2 Killed at Football Game
. . . someone used to reading newspapers assumes that two people were killed, as opposed to two people doing some killing. Shake things up a little, however, and that understanding gets muddled.
Security Fears Rise After 2 Killed at Football Game
Does that sound odd to you? It sure does to me. The articulation of the rule (if you can call it that) is sparse, but the Washington Post stylebook explains:
Auxiliary verbs and forms of the verb to be may usually be omitted, but they are required in the progressive and after says.Says usually is the culprit when a helping-verb omission goes wrong -- this strikes me as just as bad as the last example:
Police Say 2 Killed at Football Game
Somehow the implied were or are is clear in the first example, but I find myself asking "Two killed whom?" when I read the second and third, in which the "are" (or "were") seems much more nakedly missing. Why? I'm not sure. I guess the convention goes only so far.

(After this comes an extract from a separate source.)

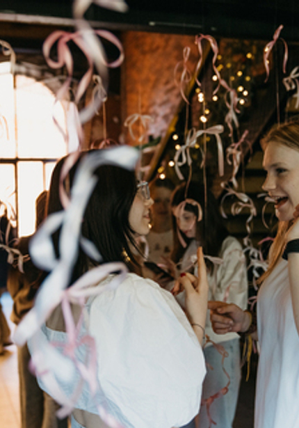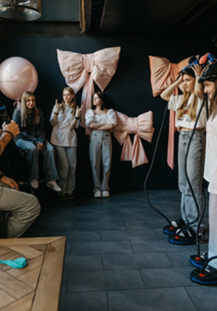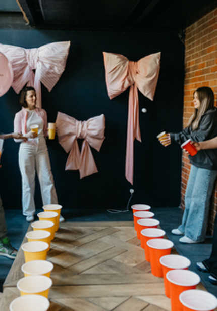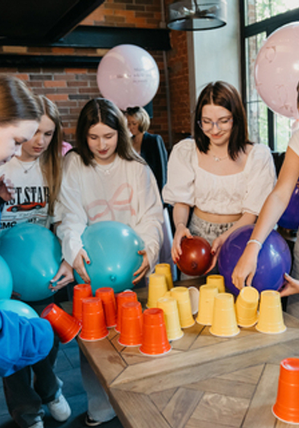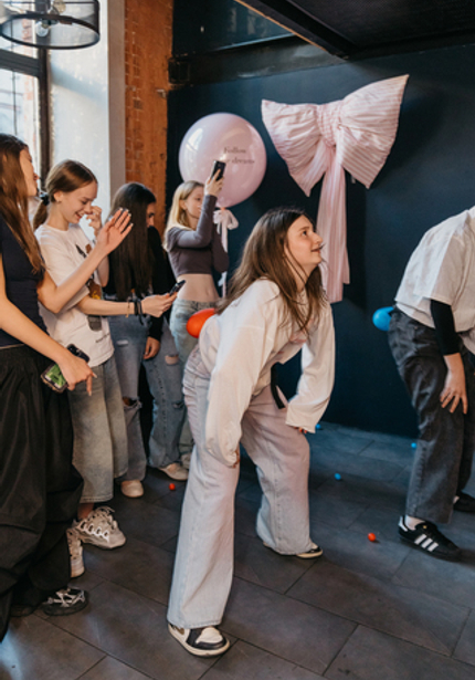 Организовать вечеринку для девочки-подростка — сложная задача. Нужно соблюсти баланс между детским и взрослым праздником, сделать его красивым и нескучным. Кажется, у нас всё вышло, ведь именинница была довольна! Мы украсили стены трендовыми бантами из ткани, добавили кастомные воздушные шары и придумали подходящую развлекательную программу с челленджами.

Is all this hopelessly arcane? Am I elevating a custom, a nicety, to the level of a must-be-remedied ambiguity? I don't think so, but I'm curious to hear how widely observed this distinction is. In my experience, it's one of those "If you don't get it, you don't get it" concepts, something difficult to teach even to some experienced and excellent headline writers. Sometimes I explain the idea and an associate responds by using the helping verb whenever it's possible to use a helping verb -- the problem is solved, even if the point is missed.